◆ EXERCISE INPUTS
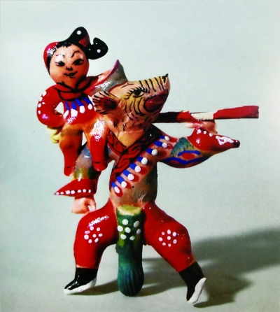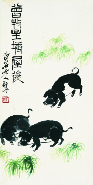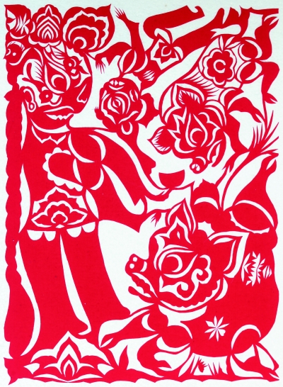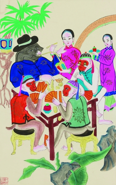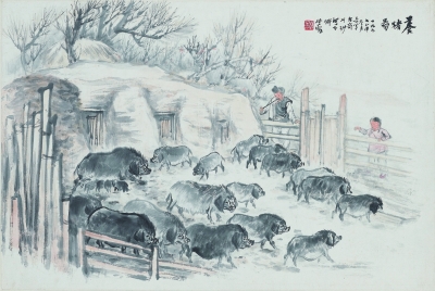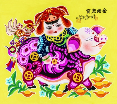 农历己亥年是猪年,按十二生肖的排位,亥猪居末位,是唱压轴戏的。以后又从子鼠开始,重新轮换。一谈起猪,总会联想起《西游记》中的猪八戒,其形貌是猪首人身,细目长吻大耳,性格憨呆,虽能出力劳作,但有时懒散贪吃好色,耍些总会被金猴拆穿的小狡狯,颇具喜剧色彩,是引人兴味的小说人物,其形象广泛出现于戏剧、影视以及民间工艺品(年画、剪纸、木雕、泥塑)中,为广大民众所喜爱。
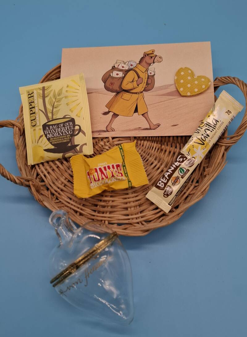 Gele kaart, gele thee/koffie en een Tony’s mini met gele verpakking.
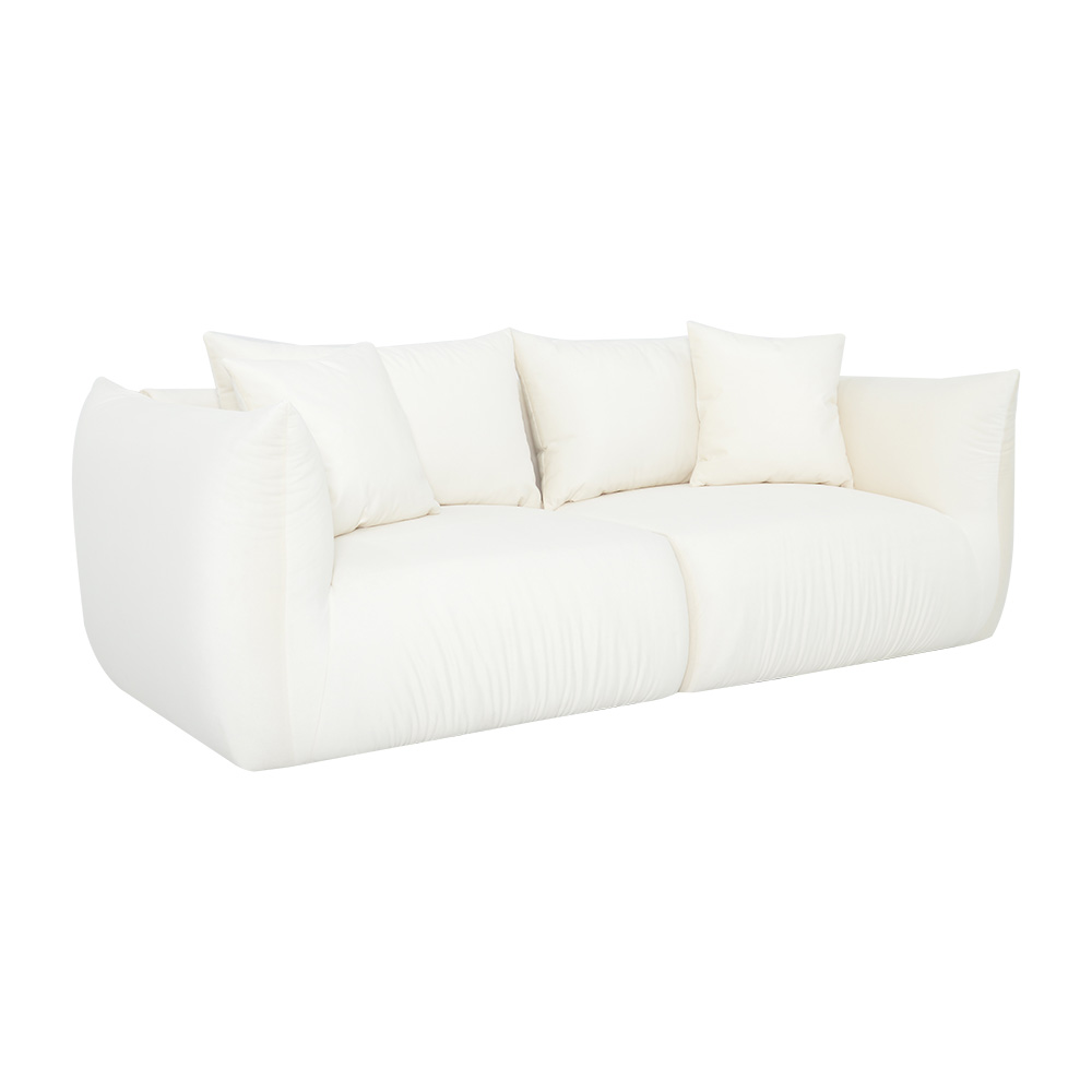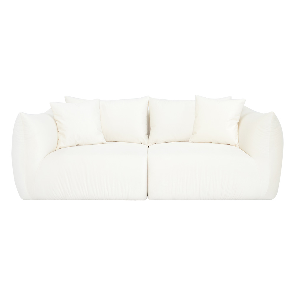 Bryła sofy opiera się na zaokrąglonych liniach i segmentowej konstrukcji, które wprowadzają do wnętrza poczucie przytulności i nowoczesnej harmonii. Głębokie, miękkie siedziska oraz wyprofilowane oparcia otulają sylwetkę, zachęcając do długiego wypoczynku.
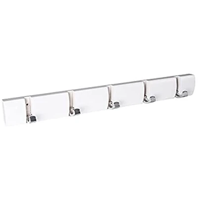 Retractable Satin Nickel Hooks 5 Hooks on a White Painted Wooden Rail Complete with fixing screws Pack contains 1 x Wooden rail with 5 hooks. Manufacturer: Merriway, Manufacturer: Merriway
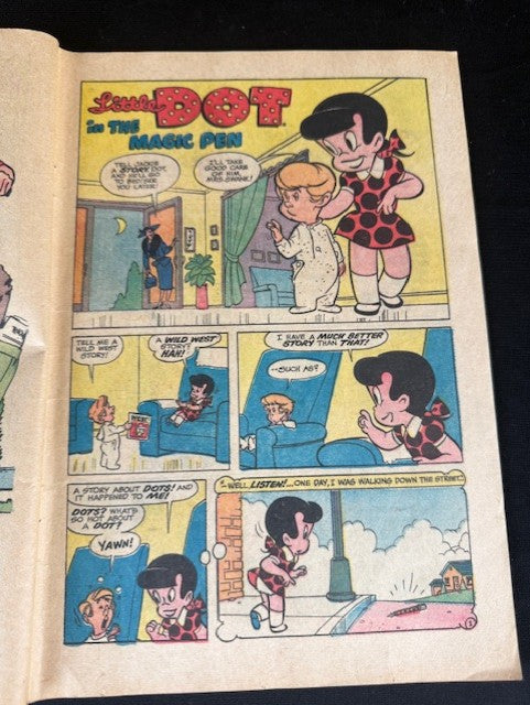 Harvey Comics' "Little Dot" issue Oct. No. 83. Printed in 1962, there is some wear on the cover and bottom of the back spine but in overall very good condition.

◆ TASK INSTRUCTIONS
Please return all of the material above exactly, minus any pictures.

◆ ANSWER TO THIS PROBLEM
 农历己亥年是猪年,按十二生肖的排位,亥猪居末位,是唱压轴戏的。以后又从子鼠开始,重新轮换。一谈起猪,总会联想起《西游记》中的猪八戒,其形貌是猪首人身,细目长吻大耳,性格憨呆,虽能出力劳作,但有时懒散贪吃好色,耍些总会被金猴拆穿的小狡狯,颇具喜剧色彩,是引人兴味的小说人物,其形象广泛出现于戏剧、影视以及民间工艺品(年画、剪纸、木雕、泥塑)中,为广大民众所喜爱。
 Gele kaart, gele thee/koffie en een Tony’s mini met gele verpakking.
 Bryła sofy opiera się na zaokrąglonych liniach i segmentowej konstrukcji, które wprowadzają do wnętrza poczucie przytulności i nowoczesnej harmonii. Głębokie, miękkie siedziska oraz wyprofilowane oparcia otulają sylwetkę, zachęcając do długiego wypoczynku.
 Retractable Satin Nickel Hooks 5 Hooks on a White Painted Wooden Rail Complete with fixing screws Pack contains 1 x Wooden rail with 5 hooks. Manufacturer: Merriway, Manufacturer: Merriway
 Harvey Comics' "Little Dot" issue Oct. No. 83. Printed in 1962, there is some wear on the cover and bottom of the back spine but in overall very good condition.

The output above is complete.